Every line of the entries below that carries the string "Schwerpunkte" should be copied.

- Opening Delimiter -

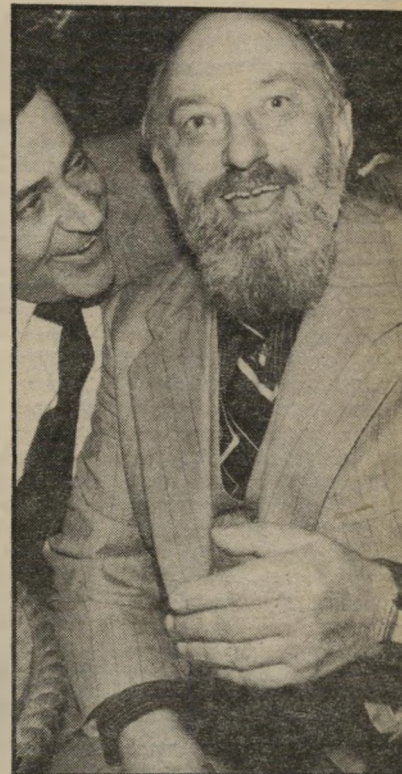
עסקייהרתי בסוק גטו יהודי מול לבנטיניות

● לעורך, מפיץ ומגיש כולבוטק, רפי גינת, על התוכנית המיוחדת שהוקדשה לתאונות-חשמל, תוכנית זו הביאה קשת רחבה של תאונות, שמקורן בחוסר חוש ציבורי
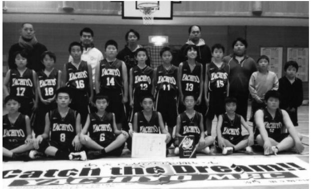
優勝した八千代MBCの皆さん
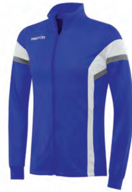
81200301 AZZURRO/BIANCO BLUE/WHITE
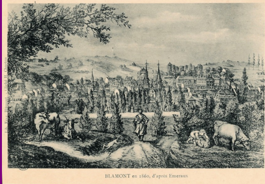
BLAMONT en 1860, d'après Emeraux

Le catalogue de la Bibliothèque nationale - Département des Estampes , mentionne trois lithographies de Justin Emeraux, dont deux représentent Blâmont. Celle ci-dessous, 1859 - Vue de Blâmont (Meurthe) - prise du chemin de Repaix , est fortement stylisée ; la vue générale (au dos) est plus précise, et présente une vue moderne réalisée d'un point assez proche de la gravure de Joris Hoefnagel de 1577, dont elle reprend les critères esthétiques avec des personnages au premier plan.
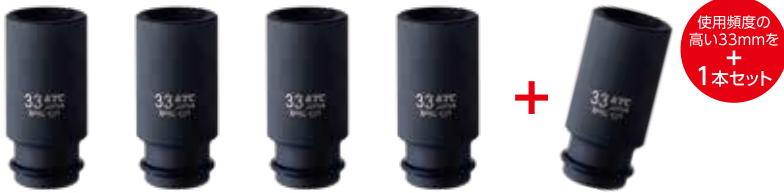
19.0sq.インパクトレンチ用ソケット (ディープ薄肉) ピン・リング付 (33mm) No.BP6L-33TP 5本
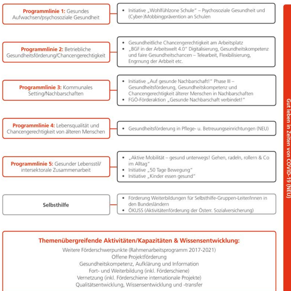
Abb. 1: Programmlinien und (Förder-)Schwerpunkte 2021

Die nachfolgende Grafik gibt einen Überblick über die geplanten Schwerpunkte 2021:
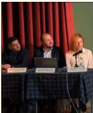
Οι παρουσιαστές του βιβλίου
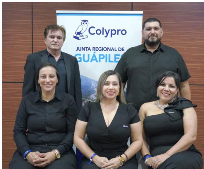
Figura 2. Miembros de la Junta Regional Colypro Guápiles

Somos colegiados de esta región, comprometidos con el fortalecimiento y desarrollo de nuestra comunidad profesional. Nuestro propósito es impulsar acciones que permitan acercar los beneficios institucionales a la región, promover oportunidades de capacitación y actualización profesional, así como fomentar espacios de integración, recreación y convivencia entre los colegiados, representando los cantones de Sarapiquí, Pococí y Guácimo.
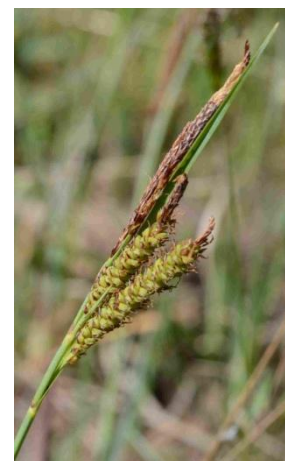
Laïche (ou Carex) glauque (ou lâche) ( Carex flacca = Carex glauca )
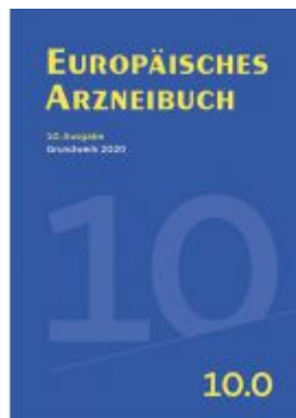
Europäisches Arzneibuch Ladenpreis: 248,00 EUR
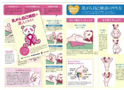
オリジナル啓発冊子
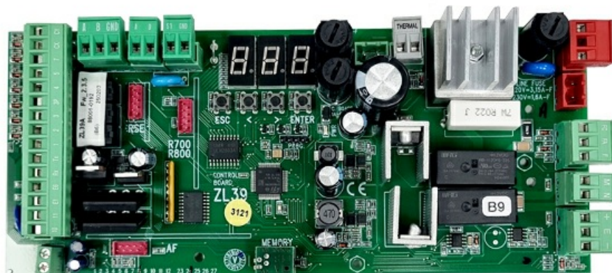
Фото Плата блока управления ZL39A CAME 88001-0192

Тел: +7 499 681-75-28 | Email: sale@came-russia.ru | https://came-russia.ru
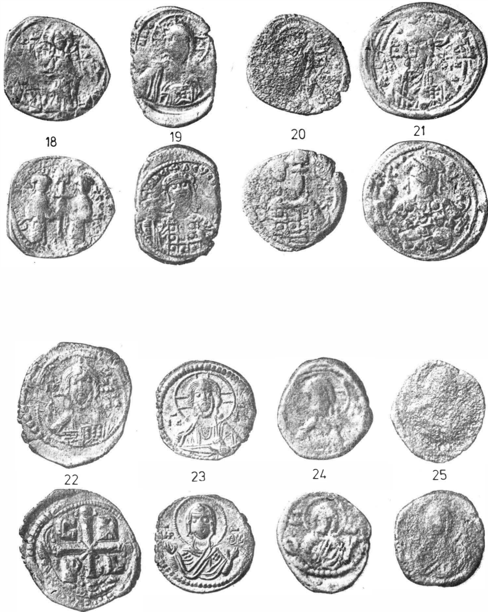
Fig. 3. Monede din tezaurul de la Păcuil lui Soare.
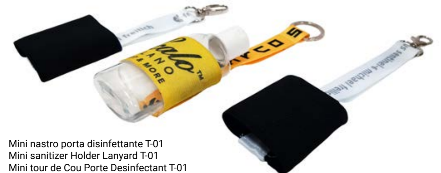
Mini nastro porta disinfettante T-01 Mini sanitizer Holder Lanyard T-01 Mini tour de Cou Porte Desinfectant T-01
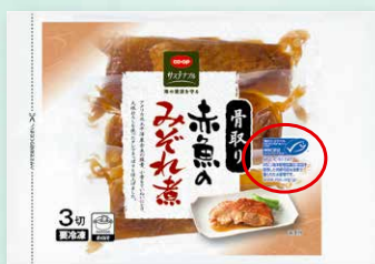
CO-OP 骨取り赤魚のみぞれ煮
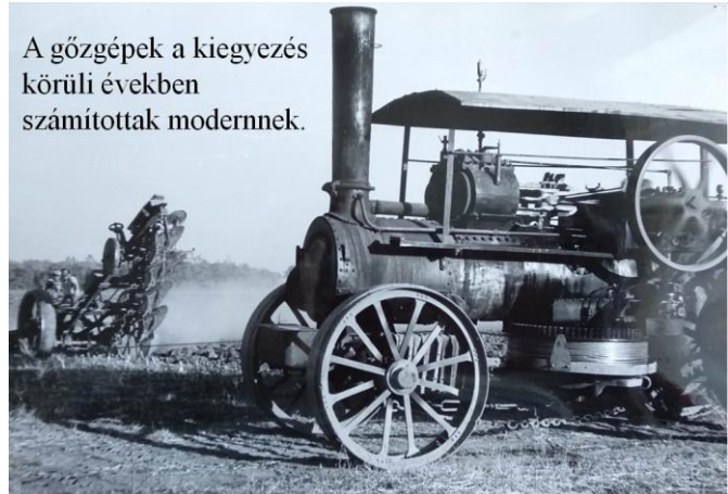
A gőzgépek a kiegyezés körüli években számítottak modernnek.

A másik tárlat a mezőgazdaság magas színvonalú gépesítéséről szóló sajtótudósítás mellé készült fotókból készült. A képeken szereplő 19. századi gőzgépek a 20. század 50-es éveiben már nem számítottak modern technikának. A sajtó ezekről a problémákról nem számolhatott be, azonban Karsai [Karai] Sándor fotói megőrizték a nyomorúságos valóságot.
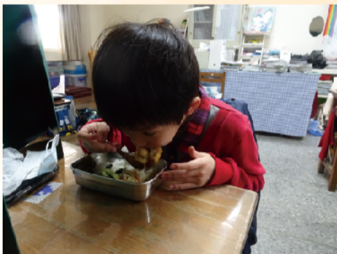
學生開心享用石斑魚料理
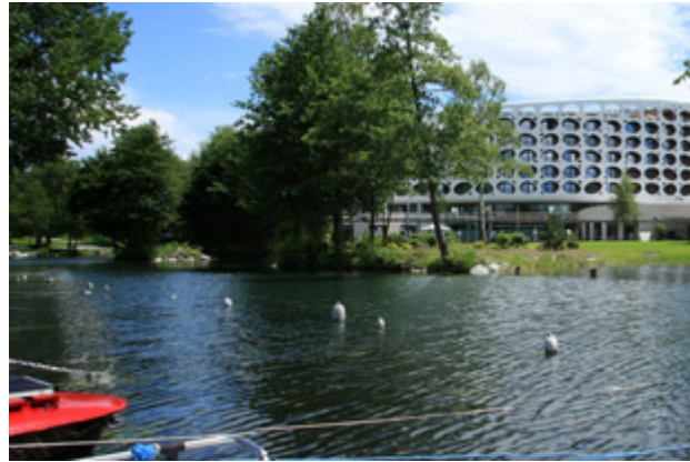
die romantische Kulisse der Lend-Lagune

Das Wochenende vom 10. - 13. September in Pörtlach ist Pflicht, im Lindner Seepark Hotel wird's zur Kür!
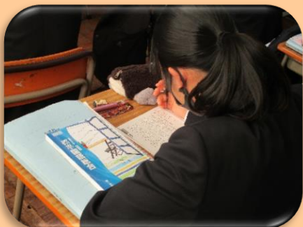
国語の授業の様子
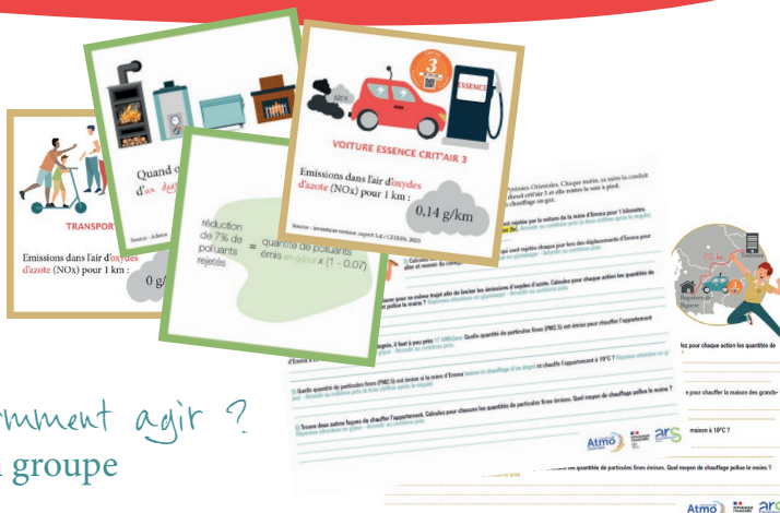
Comment agir ? en groupe
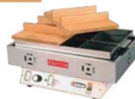
おでん鍋 電気/6つ切り

●消費電力:1kW ●40~110℃ ●質量:11kg ●W485×D340×H255mm 1D 12000 1W 24000
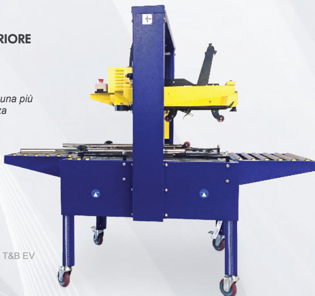
NASTROPACK T&B EV

- Closing Delimiter -

Result for this exercise:
Abb. 1: Programmlinien und (Förder-)Schwerpunkte 2021
Die nachfolgende Grafik gibt einen Überblick über die geplanten Schwerpunkte 2021:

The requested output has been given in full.